Über Jahre gute Ernten – Gemüsesorten für die Fruchtfolge

Auch langfristig muss an der Fruchtfolge gearbeitet werden. Wer jedes Jahr die gleichen Gemüsepflanzen auf demselben Beetabschnitt anbaut, wird mit der Zeit immer schlechtere Ernten erhalten und auch Schädlinge können mit jedem Jahr immer mehr zum Problem werden. Der Boden wird „müde“ für bestimmte Pflanzen, da sie ihm immer wieder die gleichen Nährstoffe entziehen. Eine Ausnahme bilden hier unter anderem Tomaten, die besonders gut gedeihen, wenn sie über mehrere Jahre hinweg am selben Platz wachsen dürfen. Andere Pflanzen sind in der Lage, den Boden mit Nährstoffen anzureichern. Dazu gehören Hülsenfrüchte wie Bohnen und Erbsen. Wer im einen Jahr solche Pflanzen anbaut, kann sich im nächsten Jahr über eine bessere Ernte bei den darauffolgenden Gemüsesorten freuen.
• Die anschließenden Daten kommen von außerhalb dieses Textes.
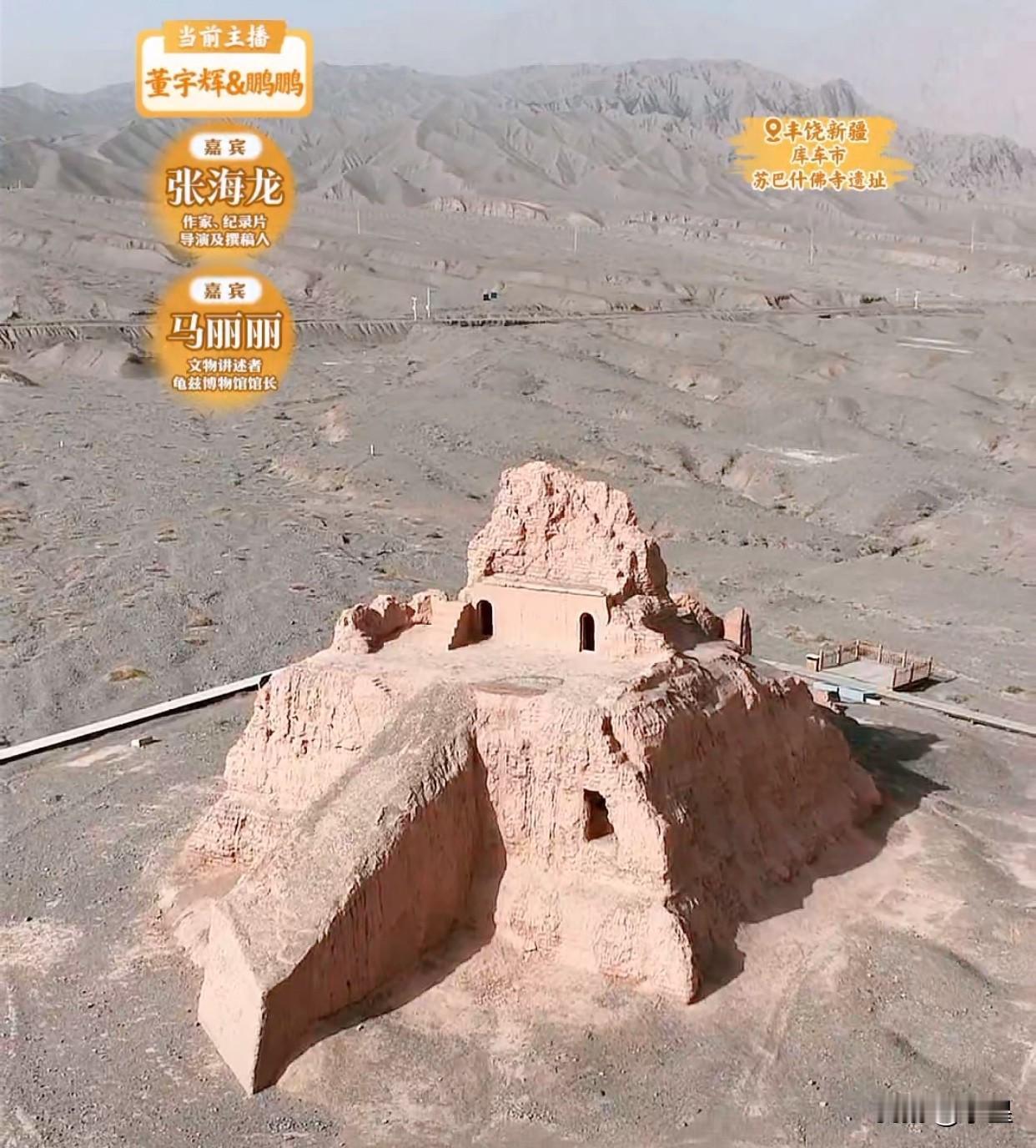 今天董宇辉新疆行来到了库车 第一站先去参观苏巴寺佛遗址 请的嘉宾也都是重量级的

Schädlinge, die auf eine bestimmte Pflanze spezialisiert sind, finden bei ständig wiederkehrendem und sehr einseitigem Anbau jede Saison einen reich gedeckten Tisch vor. Da hilft es nur, die Bepflanzung jedes Jahr neu zu gestalten und gute Nachbarn miteinander zu kombinieren. So ist man Schädlingen einen Schritt voraus und kann den Pflanzen immer wieder einen „frischen“ Boden in einer guten Nachbarschaft anbieten. Das klingt zunächst sehr umständlich, wird aber ganz einfach, wenn man verschiedene Beete anlegt. Darin planen Sie eine feste Fruchtfolge für mehrere Jahre. In einem Notizbuch können Sie in einer Skizze des Gartens genau einzeichnen, was Sie wann und wo angebaut haben, damit Sie den Überblick behalten. Im ersten Jahr starten Sie bei der sogenannten Drei-Felder-Wirtschaft mit einer Reihe Starkzehrern, daneben stehen Mittelzehrer, gefolgt von einer Reihe Schwachzehrern. In der nächsten Gartensaison rücken alle Reihen einen Platz weiter. Nun sitzen die Mittelzehrer dort, wo im Vorjahr die Starkzehrer wuchsen. Die Kombinationen der für eine Nachbarschaft geeigneten Pflanzenarten können erhalten bleiben, nur die Reihenfolge im Beet ändert sich durch die Rotation. Wer hier clever plant, bietet den Pflanzen jedes Jahr den Boden mit der passenden Nährstoffdichte.